No peace for family caught in cemetery controversy
CUADHY - The daughters don't want to bury their mother's cremated remains. But they do want the date of her death on the family headstone.
The cemetery has said no.
"We are not at peace. We don't have closure," said Pam Sztukowski.
Pam's sisters wanted the family's headstone at Holy Sepulcher Cemetery in Cudahy to include the year their mother Rita was born and the date she died, April 26th, 2013.
There was no burial because the daughters and their mom decided her ashes would be divided and shared with the large family.
"She knew it was more important for us to all have a piece of her then to be there. She knew where she was going to be" said daughter Holly Flechner.
The Catholic cemetery said its policy was no burial - no death date on the headstone.
The sisters then thought the cemetery agreed to compromise: inscribe the words In Memory and then a death date, but the cemetery still said no.
There are 26,000 people buried at the Cudahy cemetery. The Cemetery Directory says this has never come up before.
He did not go on camera but, he confirmed statements he made to the Milwaukee Journal Sentinel.

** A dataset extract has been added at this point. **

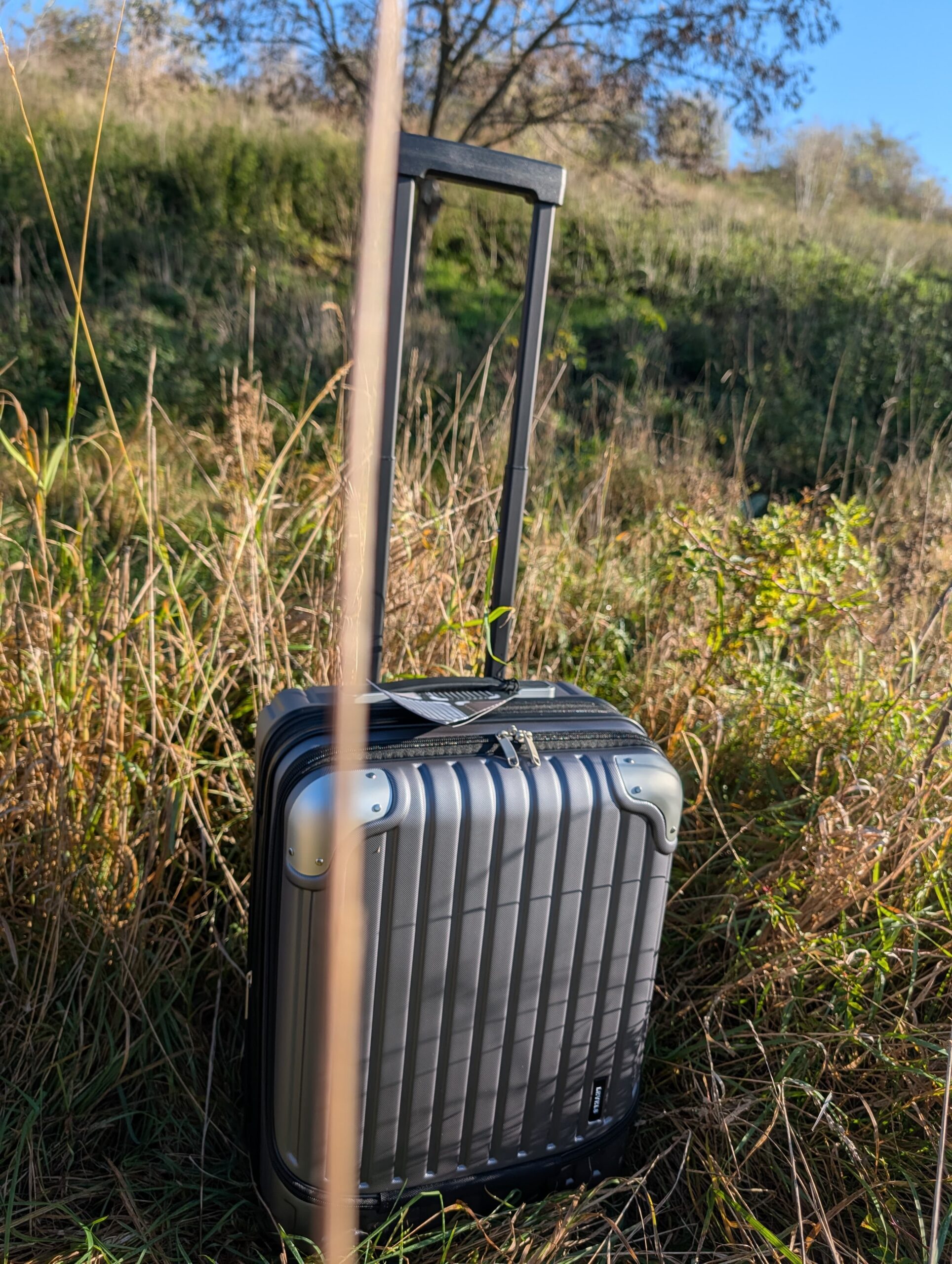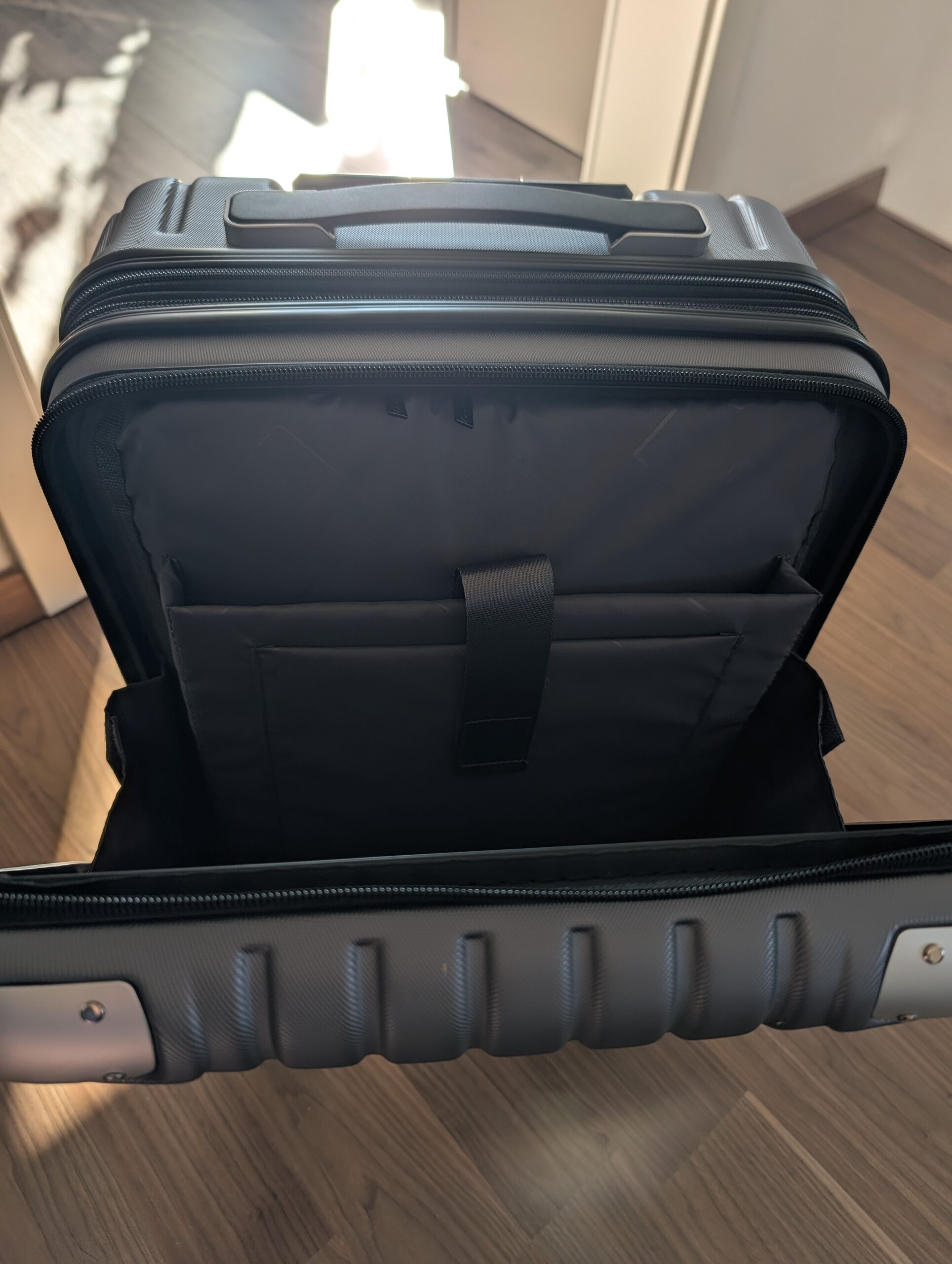 Selbst in der Bahn, in einer engen Zweiersitzreihe kann ich bequem alles herausnehmen und zurücklegen, als wäre es ein Rucksack. Genau diesen spare ich mir durch das Fach und bin viel freier unterwegs und eben nur mit einem Gepäckstück. Davon war ich schnell begeistert.

"The cemetery is following Christian burial beliefs, said Butch Miller. "When we have a person who has been cremated and they wish to have those cremated remains whole and buried at our cemetery, that is the only way we'll recognize."
It's been a year of heartache for the sisters.
"I can't even drive past the cemetery, said Pam. "I can't go visit her. I just feel incomplete. I feel like I let her down."
The cemetery says it never agreed to any compromise with the family but has offered to work with the family within its rules and regulations.